PostgreSQL includes its own programming language named PL/pgSQL that is aimed to integrate easily with SQL commands. PL stands for procedural language, and this is just one of the many languages available for writing server code. pgSQL is the shorthand for PostgreSQL.
Unlike basic SQL, PL/pgSQL includes procedural elements, such as the ability to use the if/then/else statements and loops. You can easily execute SQL statements, or even loop over the result of a SQL statement in the language.

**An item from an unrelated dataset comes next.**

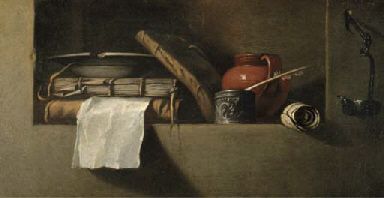 | Books, a plate, an earthenware pitcher, an ink well and quill in a niche with an oil lamp on the wall nearby | |

The integrity checks needed for the application can be done in a PL/pgSQL function that takes three arguments: names of the payer and the recipient and the amount to be paid. This sample also returns the status of the payment:
CREATE OR REPLACE FUNCTION transfer(
i_payer text,
i_recipient text,
i_amount numeric(15,2))
RETURNS text
AS
$$
DECLARE
payer_bal numeric;
BEGIN
SELECT balance INTO payer_bal
FROM accounts
WHERE owner = i_payer FOR UPDATE;
IF NOT FOUND THEN
RETURN 'Payer account not found';
END IF;
IF payer_bal < i_amount THEN
RETURN 'Not enough funds';
END IF;
UPDATE accounts
SET balance = balance + i_amount
WHERE owner = i_recipient;
IF NOT FOUND THEN
RETURN 'Recipient does not exist';
END IF;
UPDATE accounts
SET balance = balance - i_amount
WHERE owner = i_payer;
RETURN 'OK';
END;
$$ LANGUAGE plpgsql;Here are a few examples of the usage of this function, assuming that you haven't executed the previously proposed UPDATE statements yet:
postgres=# SELECT * FROM accounts;
owner | balance
-------+---------
Bob | 100
Mary | 200
(2 rows)
postgres=# SELECT transfer('Bob','Mary',14.00);
transfer
----------
OK
(1 row)
postgres=# SELECT * FROM accounts;
owner | balance
-------+---------
Mary | 214.00
Bob | 86.00
(2 rows)Your application will need to check the return code and decide how to handle these errors. As long as it is written to reject any unexpected value, you can extend this function to do more checking, such as the minimum transferrable amount, and you can be sure it will be prevented. The following three errors can be returned:
postgres=# SELECT * FROM transfer('Fred','Mary',14.00);
transfer
-------------------------
Payer account not found
(1 row)
postgres=# SELECT * FROM transfer('Bob','Fred',14.00);
transfer
--------------------------
Recipient does not exist
(1 row)
postgres=# SELECT * FROM transfer('Bob','Mary',500.00);
transfer
------------------
Not enough funds
(1 row)For these checks to always work, you will need to make all the transfer operations go through the function, rather than manually changing the values with SQL statements. One way to achieve this, is by revoking update privileges from users and from a user with higher privileges that define the transfer function with SECURITY DEFINER. This will allow the restricted users to run the function as if they have higher privileges similar to the function's creator.